◆ Information provided
────────────────

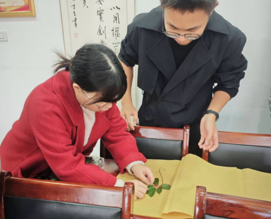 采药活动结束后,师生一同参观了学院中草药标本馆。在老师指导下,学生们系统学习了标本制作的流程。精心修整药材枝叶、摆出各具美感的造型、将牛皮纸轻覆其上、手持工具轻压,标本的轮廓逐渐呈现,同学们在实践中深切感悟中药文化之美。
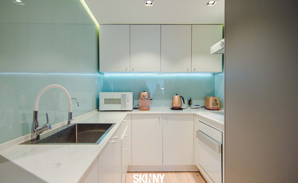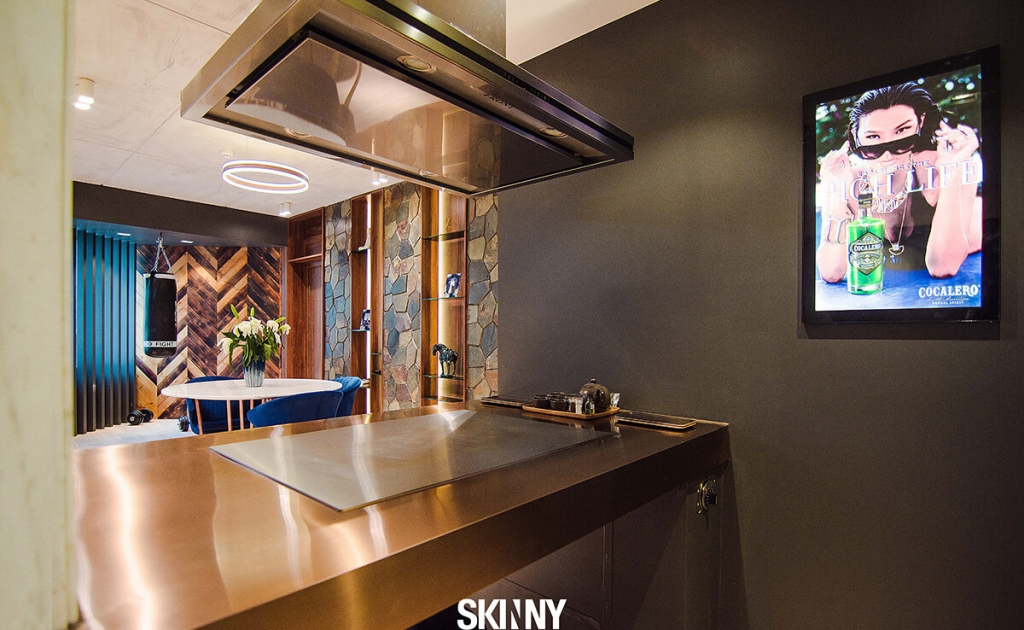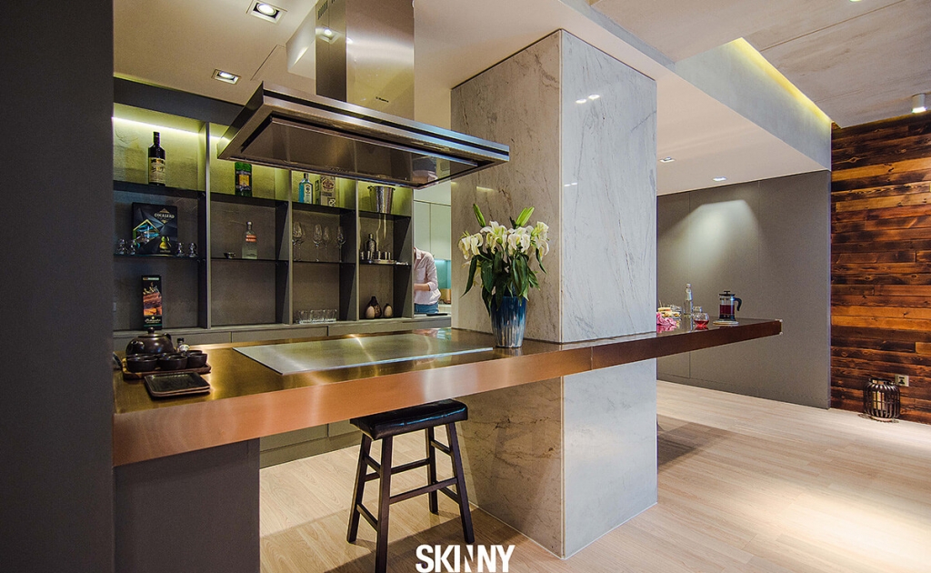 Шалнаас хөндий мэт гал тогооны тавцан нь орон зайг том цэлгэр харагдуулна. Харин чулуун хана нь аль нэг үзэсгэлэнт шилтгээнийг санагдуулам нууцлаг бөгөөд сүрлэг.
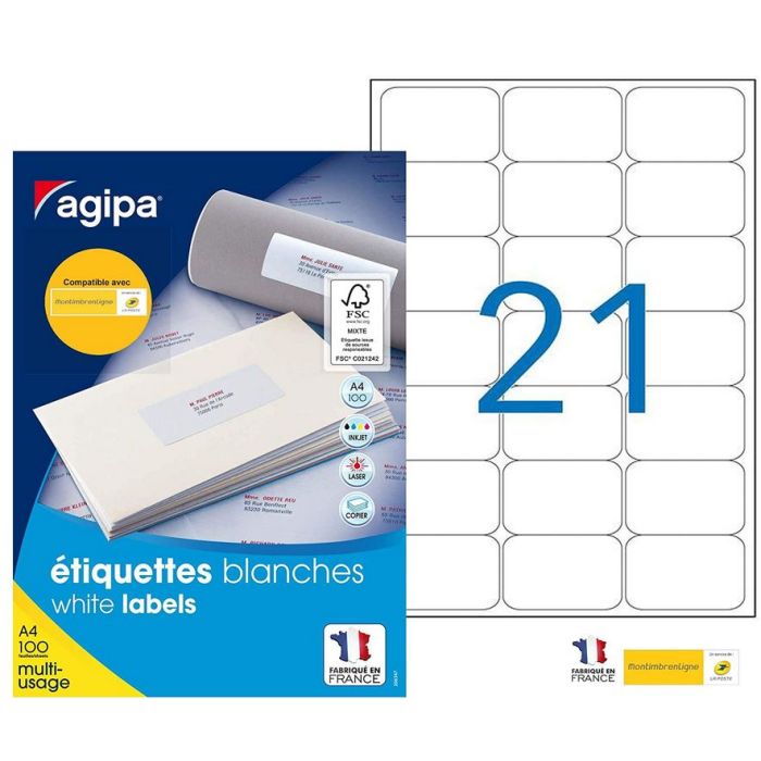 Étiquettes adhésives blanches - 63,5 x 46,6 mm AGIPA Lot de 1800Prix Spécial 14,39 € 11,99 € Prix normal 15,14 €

────────────────

◆ Your objective
Please write out the whole listing exactly, but not the pictures in it.

◆ Answer to the problem
 采药活动结束后,师生一同参观了学院中草药标本馆。在老师指导下,学生们系统学习了标本制作的流程。精心修整药材枝叶、摆出各具美感的造型、将牛皮纸轻覆其上、手持工具轻压,标本的轮廓逐渐呈现,同学们在实践中深切感悟中药文化之美。
 Шалнаас хөндий мэт гал тогооны тавцан нь орон зайг том цэлгэр харагдуулна. Харин чулуун хана нь аль нэг үзэсгэлэнт шилтгээнийг санагдуулам нууцлаг бөгөөд сүрлэг.
 Étiquettes adhésives blanches - 63,5 x 46,6 mm AGIPA Lot de 1800Prix Spécial 14,39 € 11,99 € Prix normal 15,14 €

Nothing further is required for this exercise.